▶ INSTRUCTIONS FOR THE TASK
Apart from the pictures, output all of the records exactly.

▶ DATA FOR REVIEW
# # # # #
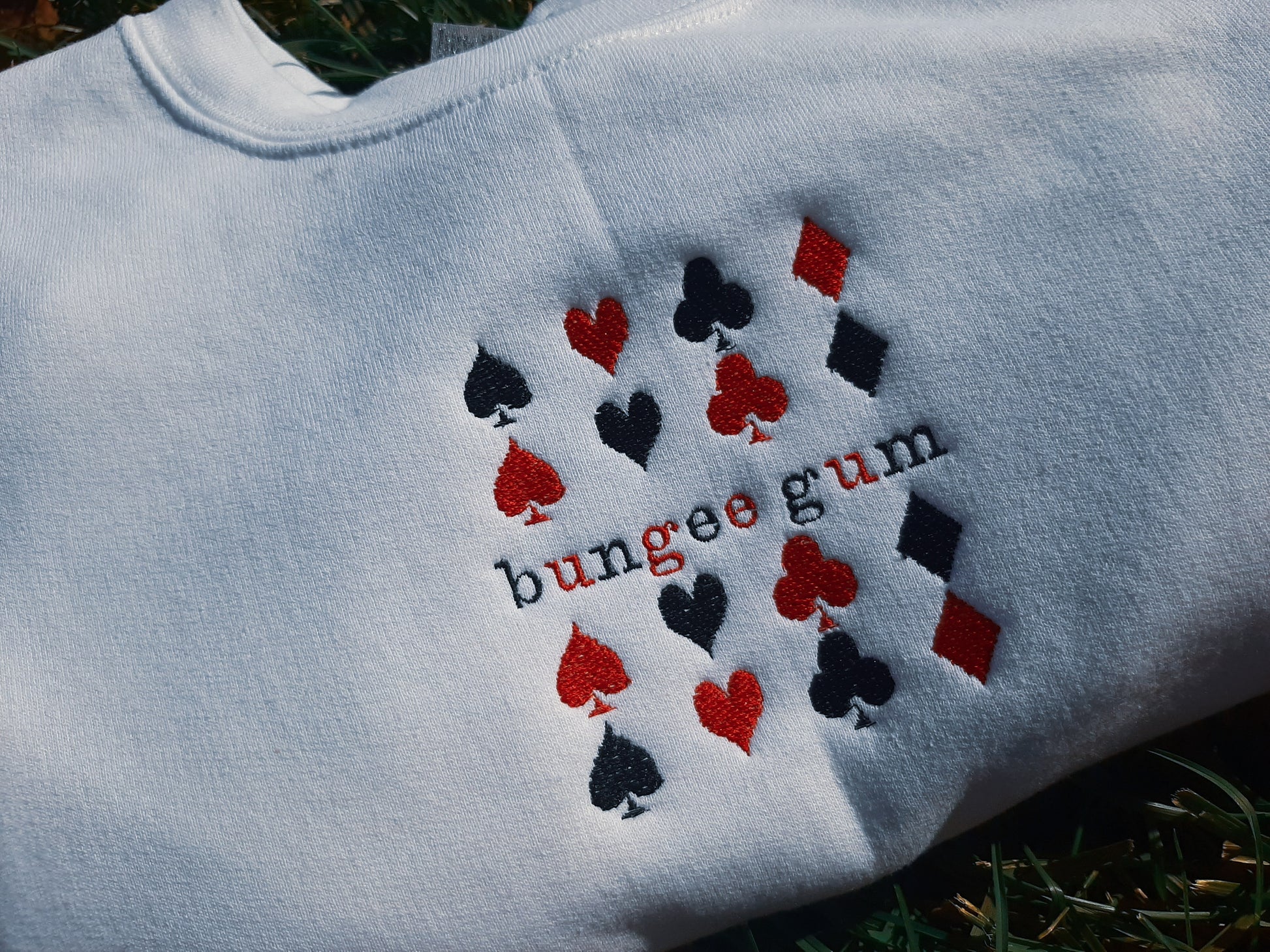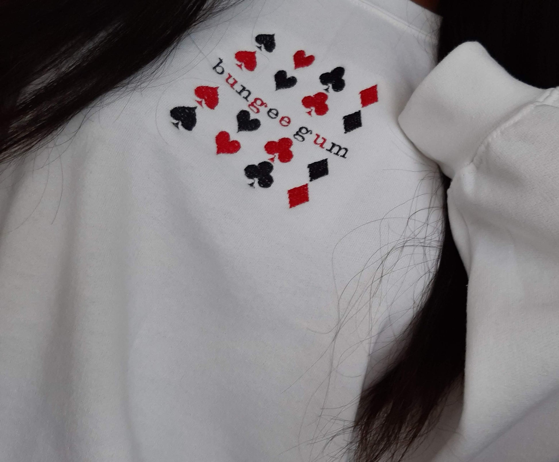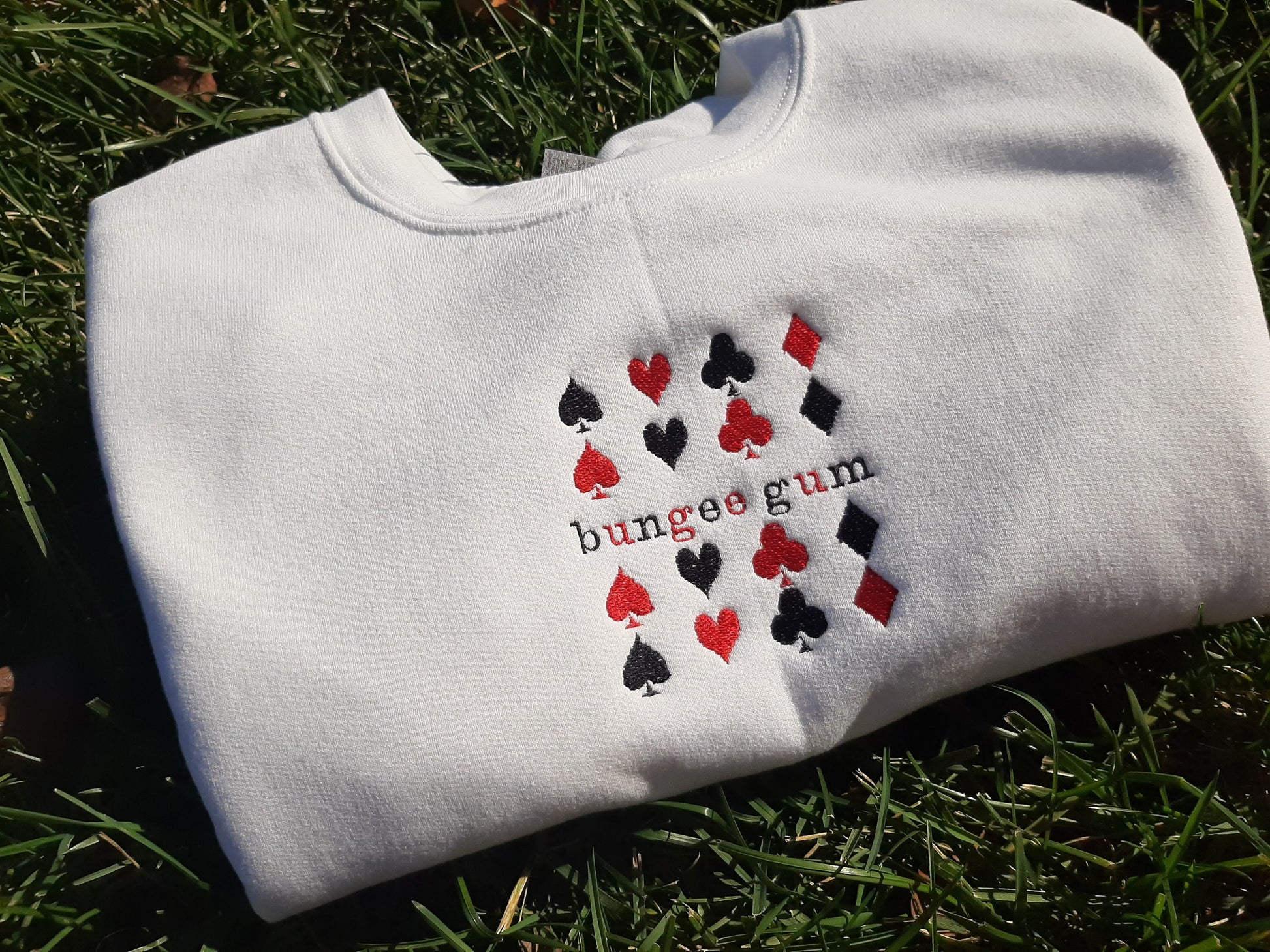 Bungee gum embroidered sweater inspired by Hisoka ♥️♠️♥️♣️♦️
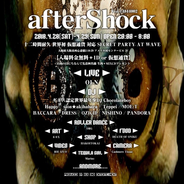 afterShock Vol.14844002 2018.4.28[SAT]-4.29[SUN] OPEN 20:00-8:00 【入場料金無料+1D or 仮想通貨】(再入場3000円) お肉の日にちなんで先着四名様 生肉+MIXCDプレゼント http://bit.ly/2v
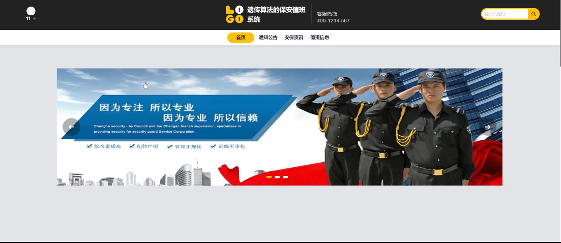 - 首页:提供系统搜索、轮播图、功能导航等重要展示和功能入口,方便注册用户快速获取系统概览信息,并提供值班信息推荐等内容。
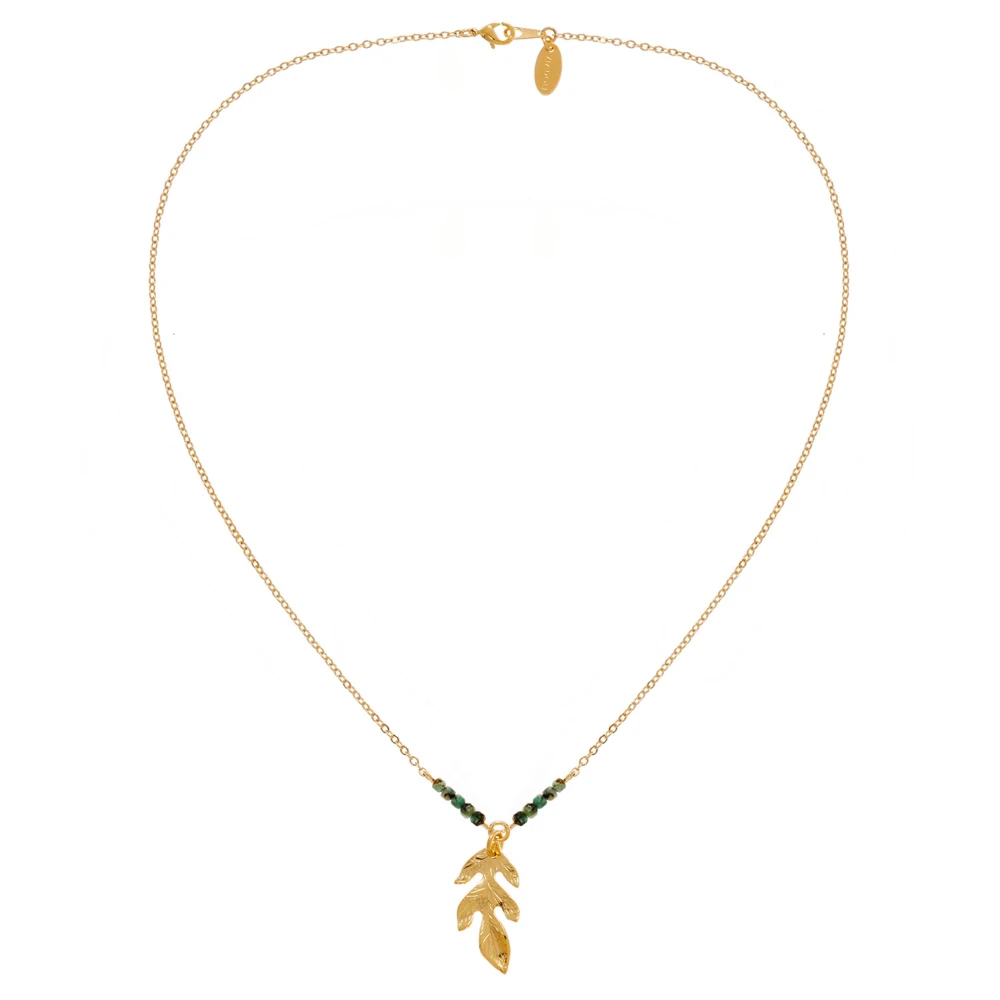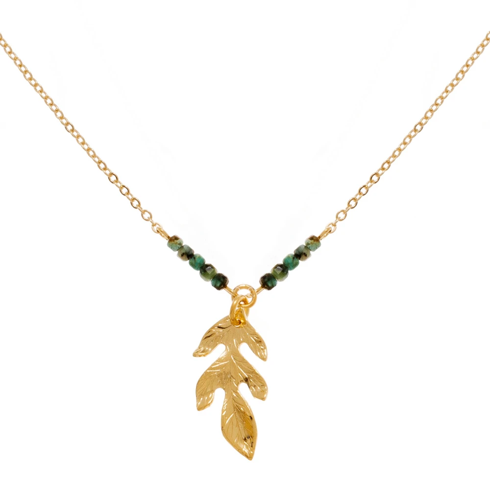 Collier pendentif feuille et pierres naturelles en jaspe africaine signé Viadoli, doré à l’or fin 24k.
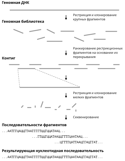 А далее наступила очередь секвенирования отдельных рестрикционных фрагментов. Это привело в конечном итоге к построению секвенсовых карт, на которых степень разрешения была доведена до своего максимального значения. Если 20 лет назад расшифровка нуклеотидной последовательности ДНК длиной 1000 п. н. считалась большим научным достижением (за это можно было сразу получить степень доктора наук), то уже к 1990 году секвенирование ДНК стало массовой технологией. А сейчас квалифицированный лаборант проделывает такую работу всего за несколько часов.
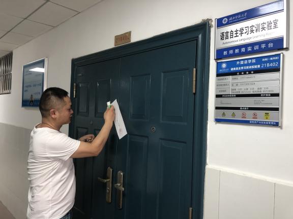 项军平首先通报了学校上周实验室安全检查情况,指出外院目前存在的不足和问题。随后,项军平带领大家学习《第一会所 英语语言学习示范中心实验室实验技术人员主要工作职责》、《教育部关于加强高校实验室安全工作的意见》(教技函【2019】36号)和《高校教学实验室安全工作检查要点》、《第一会所 实验室安全专项行动实施方案》(湖师办【2022】2号)等文件精神,与会人员就安全风险隐患和困难挑战等问题进行交流。会后,项军平带领实验室管理人员到第一会所 语音室进行逐项检查,确认无误后,在语音室门上贴上了封条。
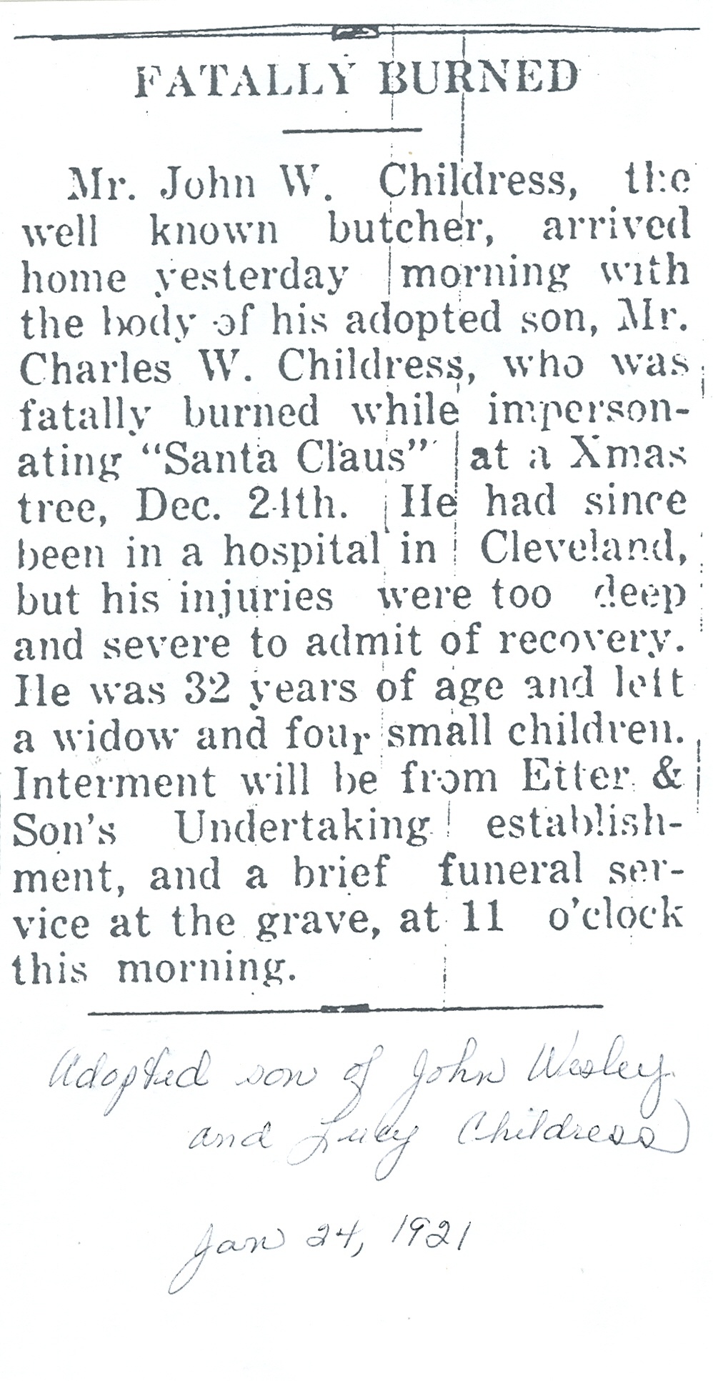 great grandfather Charles died his obituary read that he died at Childress Chapel, His home was one block
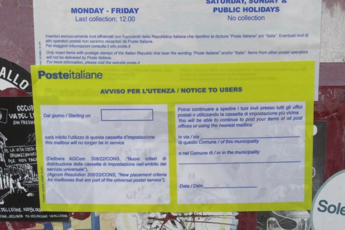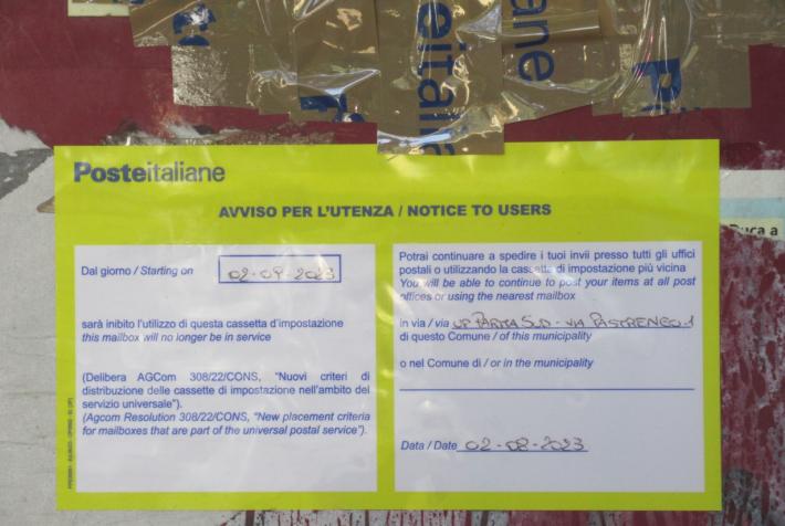 Che fare, quindi, con una lettera da spedire? L’avviso sulla cassetta prosegue così: «Potrai continuare a spedire i tuoi invii presso tutti gli uffici postali o utilizzando la cassetta di impostazione più vicina in via ........ o nel Comune di ........».
# # # # #
▶ PROBLEM SOLUTION
 Bungee gum embroidered sweater inspired by Hisoka ♥️♠️♥️♣️♦️
 afterShock Vol.14844002 2018.4.28[SAT]-4.29[SUN] OPEN 20:00-8:00 【入場料金無料+1D or 仮想通貨】(再入場3000円) お肉の日にちなんで先着四名様 生肉+MIXCDプレゼント http://bit.ly/2v
 - 首页:提供系统搜索、轮播图、功能导航等重要展示和功能入口,方便注册用户快速获取系统概览信息,并提供值班信息推荐等内容。
 Collier pendentif feuille et pierres naturelles en jaspe africaine signé Viadoli, doré à l’or fin 24k.
 А далее наступила очередь секвенирования отдельных рестрикционных фрагментов. Это привело в конечном итоге к построению секвенсовых карт, на которых степень разрешения была доведена до своего максимального значения. Если 20 лет назад расшифровка нуклеотидной последовательности ДНК длиной 1000 п. н. считалась большим научным достижением (за это можно было сразу получить степень доктора наук), то уже к 1990 году секвенирование ДНК стало массовой технологией. А сейчас квалифицированный лаборант проделывает такую работу всего за несколько часов.
 项军平首先通报了学校上周实验室安全检查情况,指出外院目前存在的不足和问题。随后,项军平带领大家学习《第一会所 英语语言学习示范中心实验室实验技术人员主要工作职责》、《教育部关于加强高校实验室安全工作的意见》(教技函【2019】36号)和《高校教学实验室安全工作检查要点》、《第一会所 实验室安全专项行动实施方案》(湖师办【2022】2号)等文件精神,与会人员就安全风险隐患和困难挑战等问题进行交流。会后,项军平带领实验室管理人员到第一会所 语音室进行逐项检查,确认无误后,在语音室门上贴上了封条。
 great grandfather Charles died his obituary read that he died at Childress Chapel, His home was one block
 Che fare, quindi, con una lettera da spedire? L’avviso sulla cassetta prosegue così: «Potrai continuare a spedire i tuoi invii presso tutti gli uffici postali o utilizzando la cassetta di impostazione più vicina in via ........ o nel Comune di ........».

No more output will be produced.